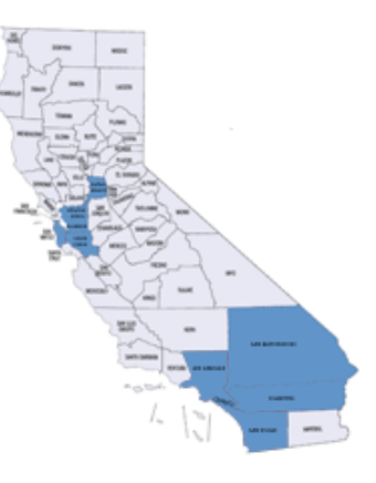
California's 8 Participating Counties

CCI marked an important step toward transforming California's Medicaid care delivery system to better serve low-income seniors and persons with disabilities.
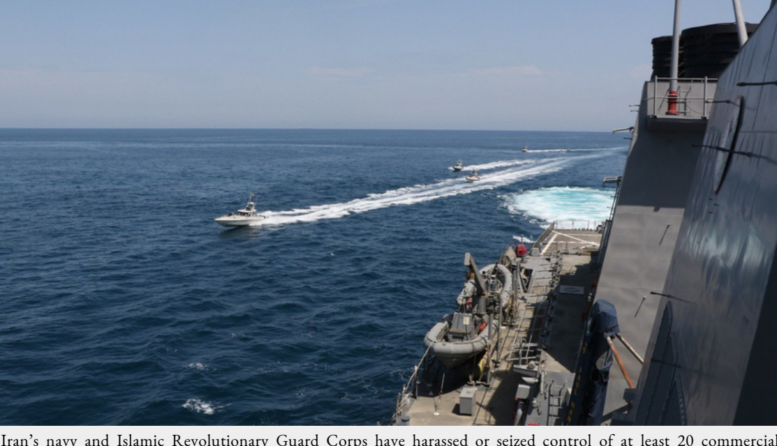
Iran's navy and Islamic Revolutionary Guard Corps have harassed or seized control of at least 20 commercial shipping tankers in the region over the past two years, according to the US 5th Fleet's numbers.

Over 3,000 US Navy personnel and Marines entered the Suez Canal to address potential Iranian threats to commercial tankers in the Persian Gulf. The Marines' exact role in deterring Iran and protecting neighbouring Arab states remains unspecified by the White House.
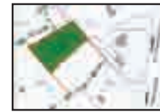
CLASHAGANNY, CO. ROSCOMMON

Prime site containing c. 0.57 acres with Full Planning Permission for bungalow. No occupancy restriction. Excellent views and located beside countryside public house.
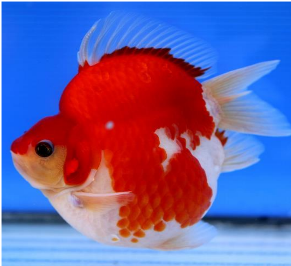
The Japanese Champion Tamasaba

□ □ □ □

PROBLEM TO SOLVE: All of the records above should be returned exactly, though the pictures should not.

SOLVED EXERCISE:
California's 8 Participating Counties

CCI marked an important step toward transforming California's Medicaid care delivery system to better serve low-income seniors and persons with disabilities.
Iran's navy and Islamic Revolutionary Guard Corps have harassed or seized control of at least 20 commercial shipping tankers in the region over the past two years, according to the US 5th Fleet's numbers.

Over 3,000 US Navy personnel and Marines entered the Suez Canal to address potential Iranian threats to commercial tankers in the Persian Gulf. The Marines' exact role in deterring Iran and protecting neighbouring Arab states remains unspecified by the White House.
CLASHAGANNY, CO. ROSCOMMON

Prime site containing c. 0.57 acres with Full Planning Permission for bungalow. No occupancy restriction. Excellent views and located beside countryside public house.
The Japanese Champion Tamasaba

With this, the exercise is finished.